Racial and Ethnic Demographics
Among the 206 total people depicted across all pins, the majority were perceived as White (n=178, 86%) and non-Latinx (n=184, 89%). Only 3% (n=7) of people were perceived as Black. Bladder cancer pins did not include a Black individual. Additionally, fewer than 1% (n=2) of individuals represented in pins were perceived as Asian.
This is the first study to comprehensively assess the quality of urological oncology content on Pinterest. We found that testicular cancer had fewer followers than other reported urological malignancies. This is not surprising as testicular diseases are less common, only affecting approximately 1% of men . A concerning finding was the spread of misinformation on this platform, with one-fourth of bladder cancer pins containing misinformation, primarily shared through nonhospital and non–peer-reviewed websites. Urological oncology content on Pinterest also lacks actionable information, leaving users perplexed on what their next steps should be. Moreover, there is a paucity of racial and ethnic diversity within the urological oncology content present on Pinterest.

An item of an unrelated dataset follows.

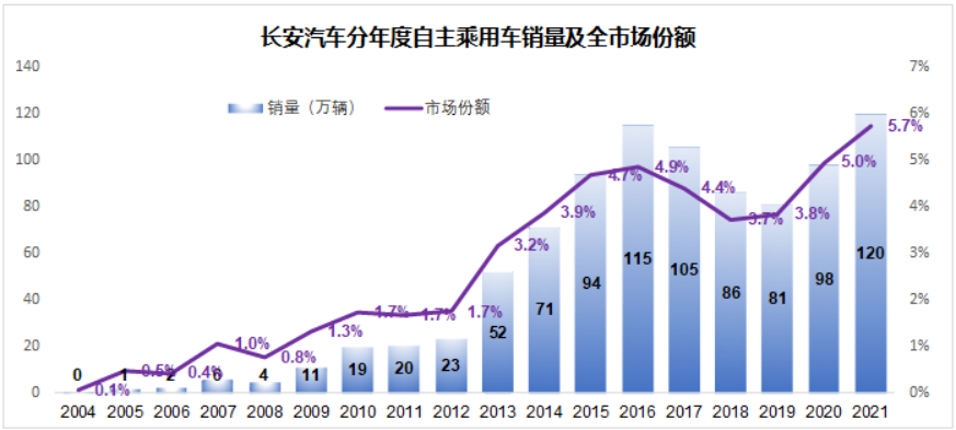 2021年,长安共销售自主乘用车120万辆,5.7%的市占率达到历史最高水平,这些数字为长安汽车“三次创业”提供了最好的注脚。

Comparison With Prior Work
As the intersection between social media and medicine expands, the dissemination of misinformative and inaccurate content on social media platforms is becoming a major societal concern. We found that 26% (n=16) of bladder cancer pins contained misinformation. This aligns with the findings of previous studies that showed 29% of the top YouTube bladder cancer videos had misinformative content . Similarly, a prior study evaluating the quality of breast cancer information on Pinterest found that over half of the pins contained misinformation. Although we do not know the full impact of this content on users’ decision-making capabilities, we are aware that they are frequently shared. Alsyouf et al [ ] found that inaccurate or misleading articles on urological cancers were 28 times more likely to be shared on Facebook, Pinterest, Twitter, and Reddit in comparison to fact-based articles. This highlights how patients are susceptible to misinformation and the potential influence it can have on their medical decision-making [ ]. Pinterest is primarily used as a search engine, and we hope that medical providers will link useful content to Pinterest to increase the quality of information available to users on urological malignancies [ ]. Pinterest, like other social media platforms, is a powerful medium with the ability to enhance the knowledge of lay users; however, it has the propensity to disseminate misinformative content.
Approximately all urological oncology content on Pinterest lacks actionable information. Previous studies evaluating the actionability of prostate cancer information on YouTube found that over two-thirds of videos contained actionable content. We reported 99% (n=358) of the pins lacked actionable content or the ability to determine the next steps of action. This is likely due to the brevity of the pins content, which mostly focused on the symptoms associated with various urological conditions. Despite these findings, prior literature has found that well-informed patients have better health-related outcomes and are better able to identify and seek help for their symptoms . Comprehensive patient educational materials that describe actionable steps may help patients determine urgency in seeking medical care [ ]. Ultimately, generating patient-centric information that enhances the ability to comprehend their disease will improve shared decision-making among patients and providers [ ].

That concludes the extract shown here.